It returns a new rows array.

rows is an array of rows from a dataConfig object.

orToggle (optional) is a boolean value specifying whether or not the filter should be an OR filter. Defaults to false if not passed.

colIndex1, …, colIndex2, …, colIndexN are each the index of columns. Any number of them may be passed, but they must each be matched by a values argument.

values1, …, values2, …, valuesN are each either a single value to filter by, an array of values to filter by (if the value of a cell matches any value in this array, it will pass the filter), or a function that takes in the value of a cell and returns a boolean value.

(city example.csv)

let rows = dataConfig.rows;
let cols = dataConfig.cols;

// Filtering a single column by a single value, using aliases
let newZealandCities = rows.filter(
	cols.COUNTRY, 'New Zealand'
);
console.log(newZealandCities.getCol(cols.NAME));

let rows = dataConfig.rows;
let cols = dataConfig.cols;

// Filtering an array column
let citiesWithTrains = rows.filter(
	cols.PUBLIC_TRANSPORT, 'Train'
);
console.log(citiesWithTrains.getCol(cols.NAME));

let rows = dataConfig.rows;
let cols = dataConfig.cols;

// Filtering a single column by multiple values
let australasiaCities = rows.filter(
	cols.COUNTRY, ['New Zealand', 'Australia']
);
console.log(australasiaCities.getCol(cols.NAME));

let rows = dataConfig.rows;
let cols = dataConfig.cols;

// Filtering with a function
let largerCities = rows.filter(
	cols.POPULATION, a => a >= 300
);
console.log(largerCities.getCol(cols.NAME));

let rows = dataConfig.rows;
let cols = dataConfig.cols;

// Applying multiple filters (AND)
let largeCapitalCities = rows.filter(
	cols.POPULATION, a => a >= 300,
	cols.CAPITAL, a => a === 'true'
);
console.log(largeCapitalCities.getCol(cols.NAME));

let rows = dataConfig.rows;
let cols = dataConfig.cols;

// Applying multiple filters (OR)
let veryLargeOrCapitalCities = rows.filter( true,
	cols.POPULATION, a => a >= 1000,
	cols.CAPITAL, a => a === 'true'
);
console.log(veryLargeOrCapitalCities.getCol(cols.NAME));

filterAnd

rows.filterAnd(colIndex1, values1, colIndex2, values2, colIndexN, valuesN) dataConfig.filters.filterRowsAnd(rows, colIndex1, values1, colIndex2, values2, colIndexN, valuesN)

Identical to the filter function, but without the andToggle argument. Because this parameter of filter defaults to true, filter can be used in exactly the same way as filterAnd.

(city example.csv)

let rows = dataConfig.rows;
let cols = dataConfig.cols;

let newZealandCapital = rows.filterAnd(
	cols.COUNTRY, 'New Zealand',
	cols.CAPITAL, a => a === 'true'
);
console.log(newZealandCapital.getCol(cols.NAME));

filterOr

filterOr(colIndex1, values1, colIndex2, values2, colIndexN, valuesN) dataConfig.filters.filterRowsOr(rows, colIndex1, values1, colIndex2, values2, colIndexN, valuesN)

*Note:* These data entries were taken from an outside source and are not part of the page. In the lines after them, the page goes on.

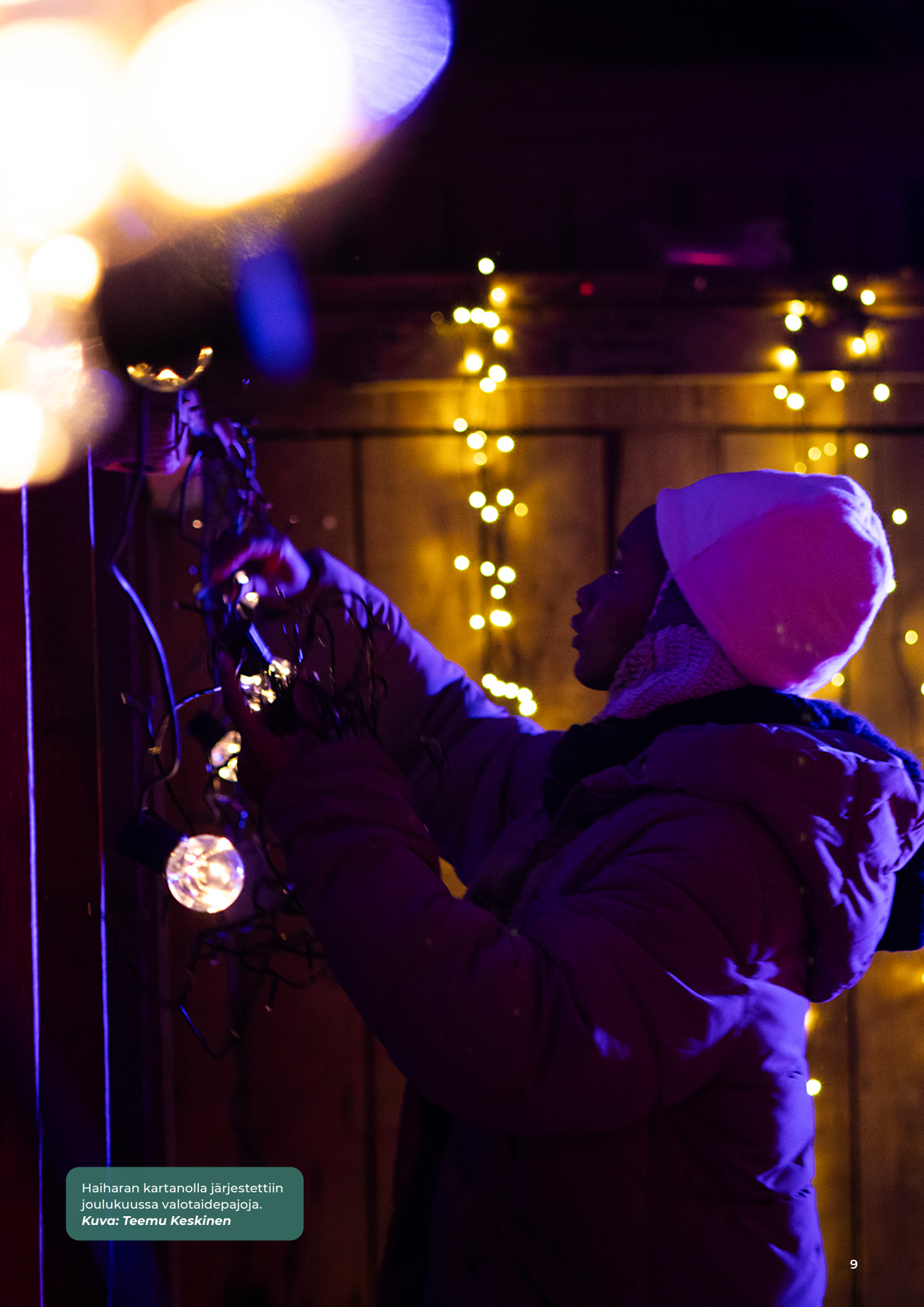
Haiharan kartanolla järjestettiin jouluukuussa valotaidepajoja.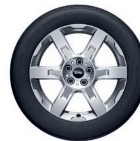
アステロイド・スポーク 944 18" リファインド・シルバー

フロント/リア 7.5J×18 ET:50 ¥63,800 (¥58,000) / 1本 3611 5A269E0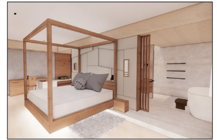
La partie hôtel passera d'une surface de 7 000 à 10 000 m 2 , sans pour autant augmenter le nombre de chambres. Ces dernières seront donc plus spacieuses et entièrement réinventées.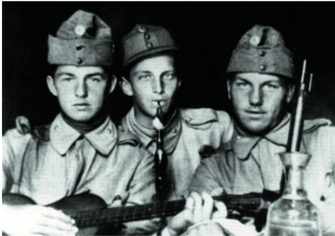
Bild 1: Konrad Henlein (Mitte), als Gefreiter in der Offiziersschule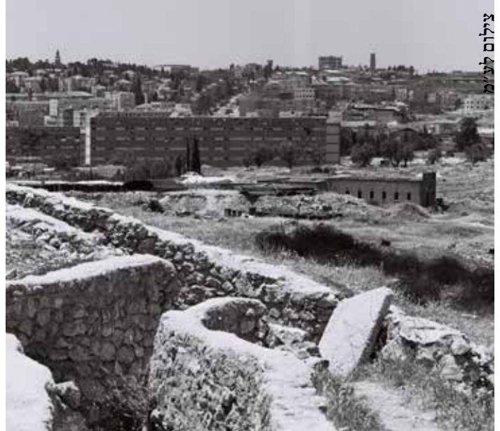
"לא ידענו מה הולך להיות בירושלים". גבעת התחמושת לאחר הקרב

18:00 מפגינה לצמיחה: מעגלי שיתוף וסיפורים אישיים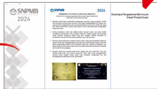
Halaman Tulisan Deskripsi Pengalaman Bermusik (Gunakan Template Dokumen yang disediakan)

Catatan: Template PPT untuk Portofolio Seni Musik dan Etnomusikologi berbeda warna. Peserta dimohon cermat dalam menggunakan template PPT sesuai bidang pilihannya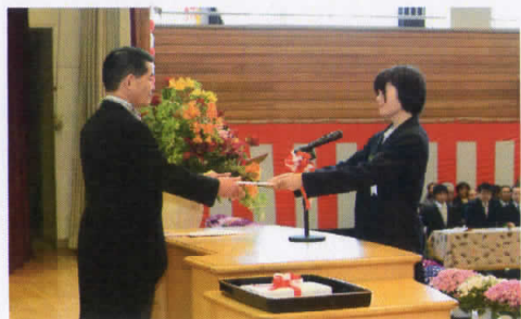
新入生「誓いの言葉」

「東武館」では、「勉強します」、「剣道します」、「良い行いをします」を三つの誓いとして、この精神を受け継いでいます。

Identical to the filter function, but without the andToggle argument and applying an OR filter.

(city example.csv)

let rows = dataConfig.rows;
let cols = dataConfig.cols;

let largeOrCapitalCities = rows.filterOr(
	cols.POPULATION, a => a >= 1000,
	cols.CAPITAL, a => a === 'true'
);
console.log(largeOrCapitalCities.getCol(cols.NAME));

Charter

Use

Charter contains methods for generating HTML charts. These charts are intended to be accompanied by the CSS generated for them via _chart.scss.

These methods take in a chartData object, a numericAxisConfig for the independent axis, and a qualitativeAxisConfig for the dependent axis. The chartData object in turn contains an array of dataSeries objects.

Some properties of these objects are only used by some types of charts.

chartData

{
	title: 'Chart title',
	showLegend: true,
	showTooltips: true,
	labels: ['Label 1', 'Label 2'],
	dataSeries: [
		{
			name: 'dataSeriesName',
			color: '#fff',
			dataPoints: [1, 2]
		}
	],
	stacked: true,
	horizontal: true,
	smoothing: 2
}

title is a string that will appear above the chart.

showLegend is a boolean value that, if true, will cause a legend to be rendered between the title and the chart.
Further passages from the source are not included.